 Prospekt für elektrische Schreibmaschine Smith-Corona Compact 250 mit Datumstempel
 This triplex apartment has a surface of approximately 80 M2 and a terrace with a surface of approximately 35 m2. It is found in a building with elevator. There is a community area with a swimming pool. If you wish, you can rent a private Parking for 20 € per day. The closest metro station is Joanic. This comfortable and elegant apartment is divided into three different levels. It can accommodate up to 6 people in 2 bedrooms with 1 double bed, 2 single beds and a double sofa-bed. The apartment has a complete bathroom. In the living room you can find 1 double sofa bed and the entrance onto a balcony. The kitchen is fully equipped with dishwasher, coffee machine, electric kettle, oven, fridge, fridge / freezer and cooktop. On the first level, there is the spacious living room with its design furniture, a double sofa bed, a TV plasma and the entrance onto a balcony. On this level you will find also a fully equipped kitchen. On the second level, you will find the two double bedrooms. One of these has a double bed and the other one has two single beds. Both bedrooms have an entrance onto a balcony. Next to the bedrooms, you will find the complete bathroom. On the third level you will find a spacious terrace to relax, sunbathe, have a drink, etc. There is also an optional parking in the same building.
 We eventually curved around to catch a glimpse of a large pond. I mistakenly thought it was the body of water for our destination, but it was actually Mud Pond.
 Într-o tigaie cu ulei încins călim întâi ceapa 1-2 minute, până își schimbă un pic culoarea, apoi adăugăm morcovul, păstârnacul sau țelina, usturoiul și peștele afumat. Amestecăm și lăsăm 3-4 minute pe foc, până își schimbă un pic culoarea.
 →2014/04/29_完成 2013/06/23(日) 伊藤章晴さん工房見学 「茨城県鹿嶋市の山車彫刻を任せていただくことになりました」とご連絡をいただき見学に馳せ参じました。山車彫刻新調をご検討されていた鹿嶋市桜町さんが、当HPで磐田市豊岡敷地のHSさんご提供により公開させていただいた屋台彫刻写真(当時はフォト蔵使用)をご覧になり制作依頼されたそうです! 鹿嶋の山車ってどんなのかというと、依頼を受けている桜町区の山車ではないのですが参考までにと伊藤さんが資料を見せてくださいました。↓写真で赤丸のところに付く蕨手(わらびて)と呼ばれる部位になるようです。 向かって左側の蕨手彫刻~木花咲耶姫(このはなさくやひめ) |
* * *
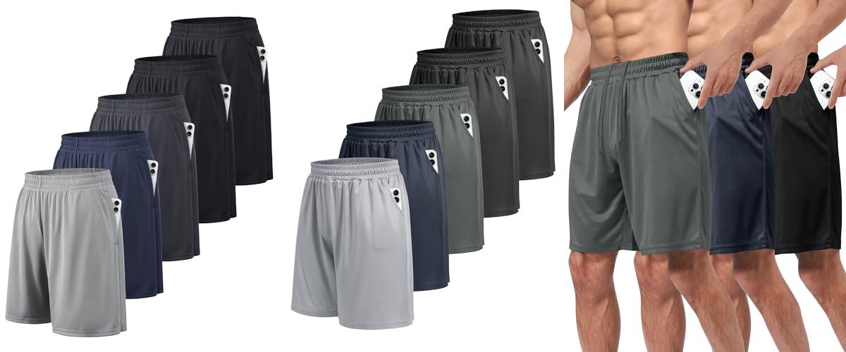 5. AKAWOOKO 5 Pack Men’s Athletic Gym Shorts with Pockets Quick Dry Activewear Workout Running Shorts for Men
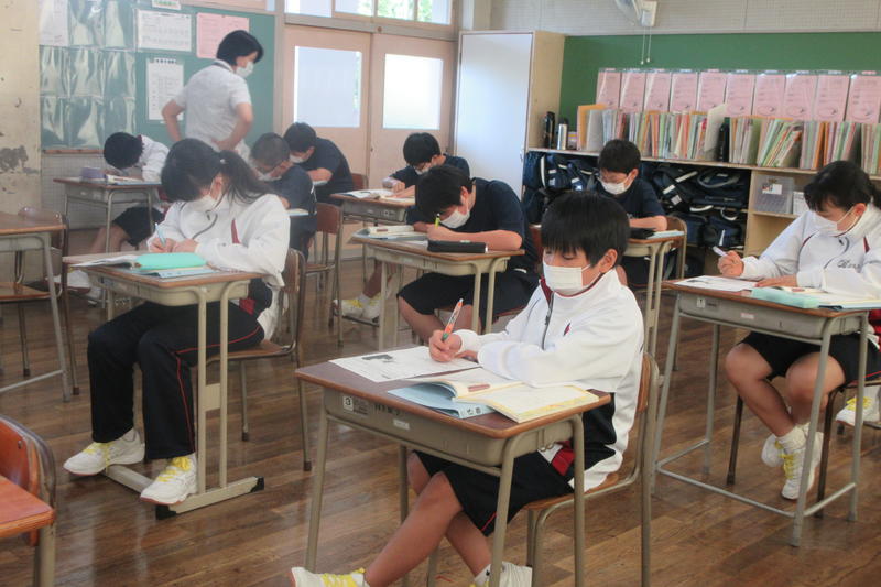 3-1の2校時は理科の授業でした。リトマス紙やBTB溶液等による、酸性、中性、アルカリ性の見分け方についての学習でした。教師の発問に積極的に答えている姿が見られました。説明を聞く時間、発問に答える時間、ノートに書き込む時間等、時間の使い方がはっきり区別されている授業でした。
==
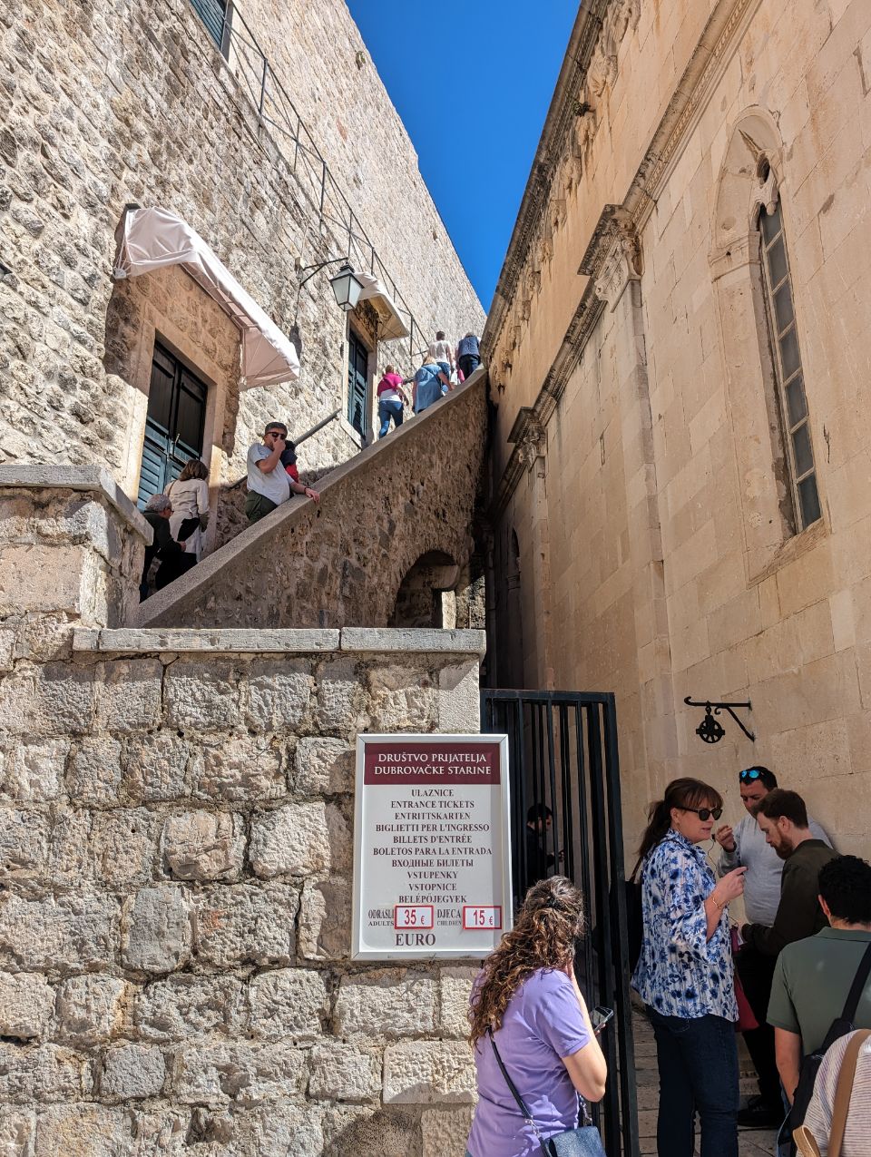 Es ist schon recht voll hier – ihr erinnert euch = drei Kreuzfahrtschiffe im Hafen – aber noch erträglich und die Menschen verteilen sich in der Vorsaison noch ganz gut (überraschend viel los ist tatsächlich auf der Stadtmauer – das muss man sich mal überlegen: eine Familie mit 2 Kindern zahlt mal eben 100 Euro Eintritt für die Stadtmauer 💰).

* **Directions for this task**
Within the listing above, print exactly the stretch beginning at the line that contains "5. AKAWOOKO 5" and finishing at the line that contains "3-1の2校時は理科の授業で", ends kept, pictures left out, and nothing more.

* **Exercise result**
 5. AKAWOOKO 5 Pack Men’s Athletic Gym Shorts with Pockets Quick Dry Activewear Workout Running Shorts for Men
 3-1の2校時は理科の授業でした。リトマス紙やBTB溶液等による、酸性、中性、アルカリ性の見分け方についての学習でした。教師の発問に積極的に答えている姿が見られました。説明を聞く時間、発問に答える時間、ノートに書き込む時間等、時間の使い方がはっきり区別されている授業でした。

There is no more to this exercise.